● **Work task**
Transcribe word for word the section of the records below that opens with the line containing "C38485272 Moonstone Pendant" and closes with the line containing "We're from Baton"; drop every picture.

● **Information provided**

★ ★ ★ ★

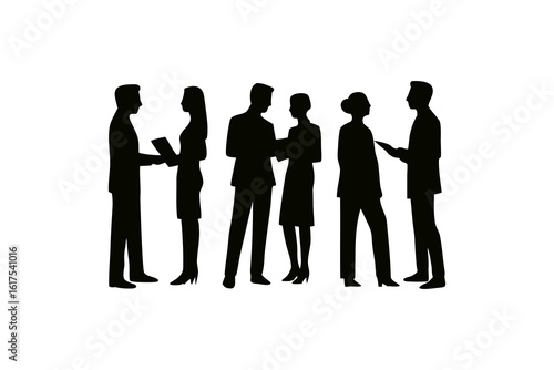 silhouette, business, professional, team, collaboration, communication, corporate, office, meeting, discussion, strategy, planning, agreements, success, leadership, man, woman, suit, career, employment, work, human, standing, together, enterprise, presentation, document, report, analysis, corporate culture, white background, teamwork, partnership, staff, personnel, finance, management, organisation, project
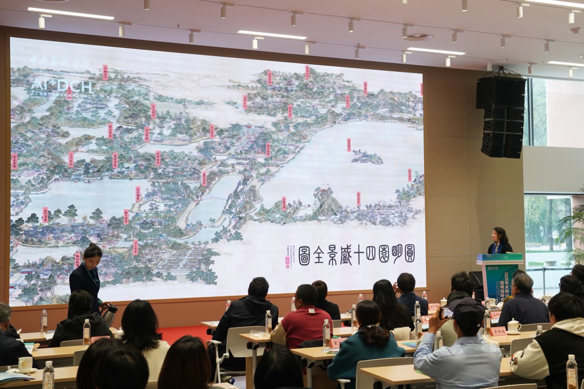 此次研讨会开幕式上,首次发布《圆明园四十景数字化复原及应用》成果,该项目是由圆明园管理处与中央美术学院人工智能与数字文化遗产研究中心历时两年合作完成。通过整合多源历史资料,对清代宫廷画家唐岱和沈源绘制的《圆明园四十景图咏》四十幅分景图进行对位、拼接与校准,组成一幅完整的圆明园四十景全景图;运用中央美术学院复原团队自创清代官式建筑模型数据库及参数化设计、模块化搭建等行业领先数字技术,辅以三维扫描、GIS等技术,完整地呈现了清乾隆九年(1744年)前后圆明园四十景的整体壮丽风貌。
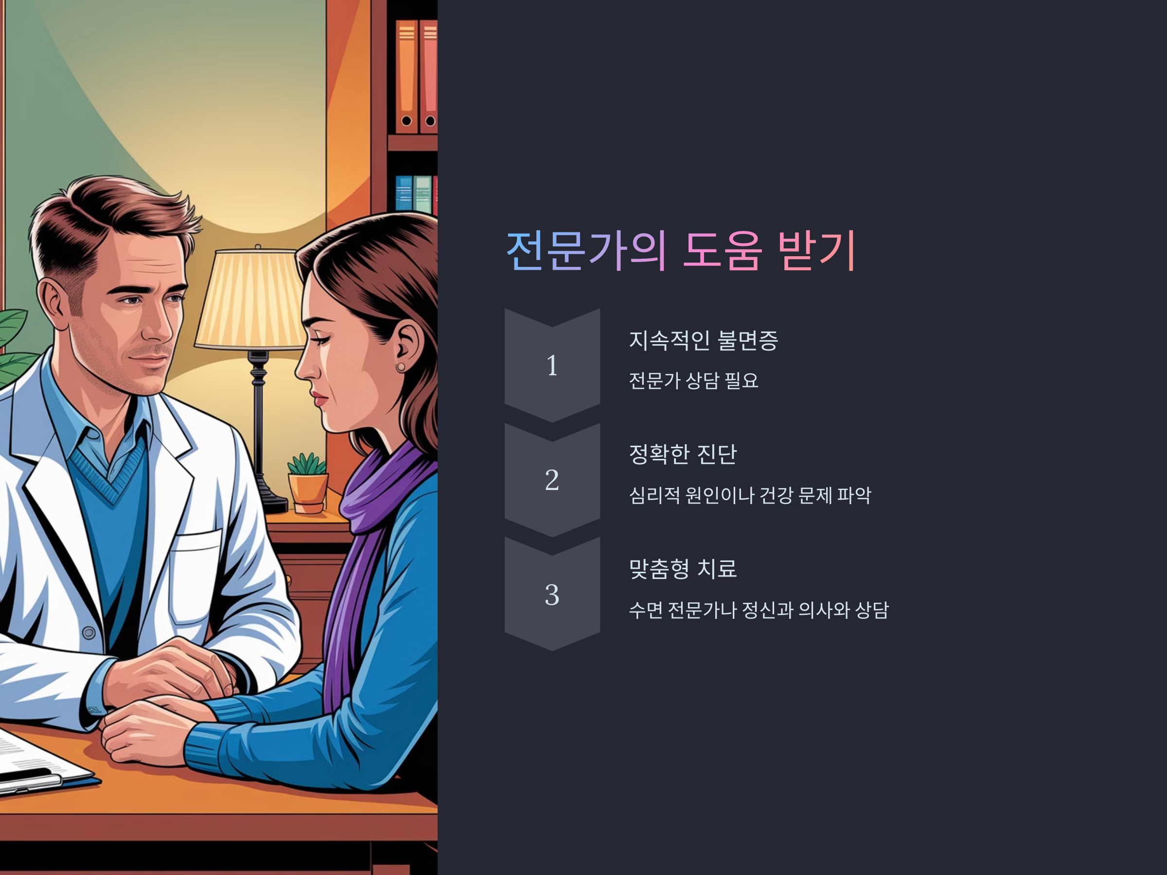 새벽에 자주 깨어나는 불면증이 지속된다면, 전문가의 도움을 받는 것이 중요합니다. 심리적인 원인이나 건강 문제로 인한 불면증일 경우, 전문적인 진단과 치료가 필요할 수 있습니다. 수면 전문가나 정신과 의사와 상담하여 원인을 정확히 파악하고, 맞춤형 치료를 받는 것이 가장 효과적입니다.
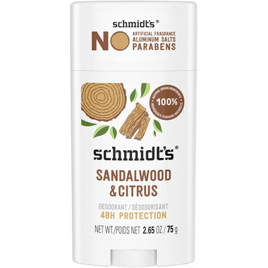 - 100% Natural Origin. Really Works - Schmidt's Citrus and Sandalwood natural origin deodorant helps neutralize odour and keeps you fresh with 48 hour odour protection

★ ★ ★ ★

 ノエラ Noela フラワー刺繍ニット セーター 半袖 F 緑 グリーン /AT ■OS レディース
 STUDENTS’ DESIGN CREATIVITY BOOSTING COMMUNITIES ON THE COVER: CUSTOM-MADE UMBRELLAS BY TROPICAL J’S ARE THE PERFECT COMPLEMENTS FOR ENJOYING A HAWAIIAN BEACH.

★ ★ ★ ★

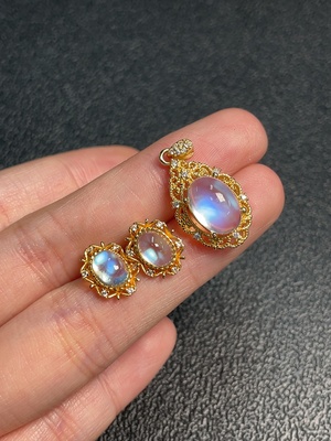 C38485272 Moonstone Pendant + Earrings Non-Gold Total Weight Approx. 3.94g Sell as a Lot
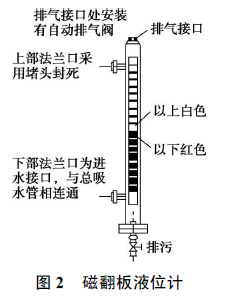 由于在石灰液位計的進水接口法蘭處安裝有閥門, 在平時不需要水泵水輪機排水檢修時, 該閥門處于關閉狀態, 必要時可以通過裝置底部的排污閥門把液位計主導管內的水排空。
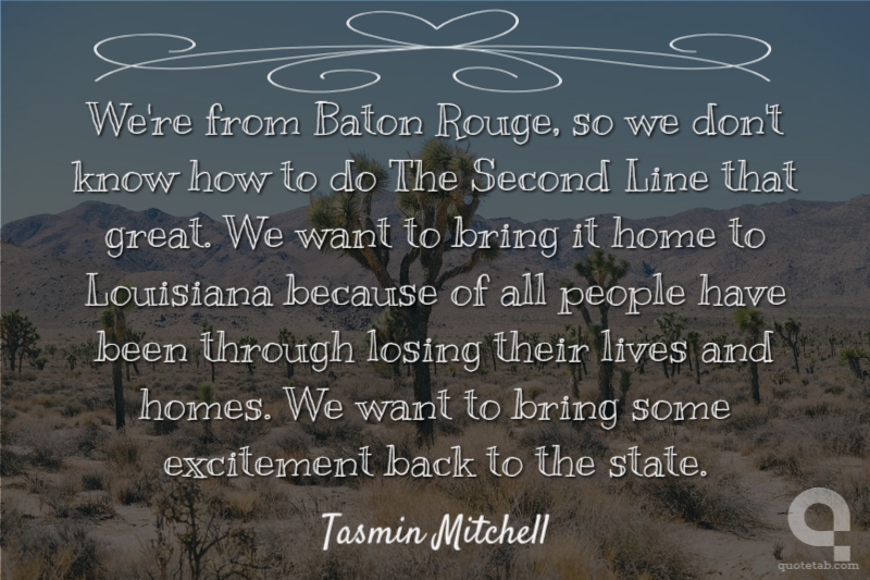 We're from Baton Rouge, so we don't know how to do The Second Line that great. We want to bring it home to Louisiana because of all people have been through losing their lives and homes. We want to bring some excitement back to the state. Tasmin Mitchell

★ ★ ★ ★

● **Answer to this task**
 C38485272 Moonstone Pendant + Earrings Non-Gold Total Weight Approx. 3.94g Sell as a Lot
 由于在石灰液位計的進水接口法蘭處安裝有閥門, 在平時不需要水泵水輪機排水檢修時, 該閥門處于關閉狀態, 必要時可以通過裝置底部的排污閥門把液位計主導管內的水排空。
 We're from Baton Rouge, so we don't know how to do The Second Line that great. We want to bring it home to Louisiana because of all people have been through losing their lives and homes. We want to bring some excitement back to the state. Tasmin Mitchell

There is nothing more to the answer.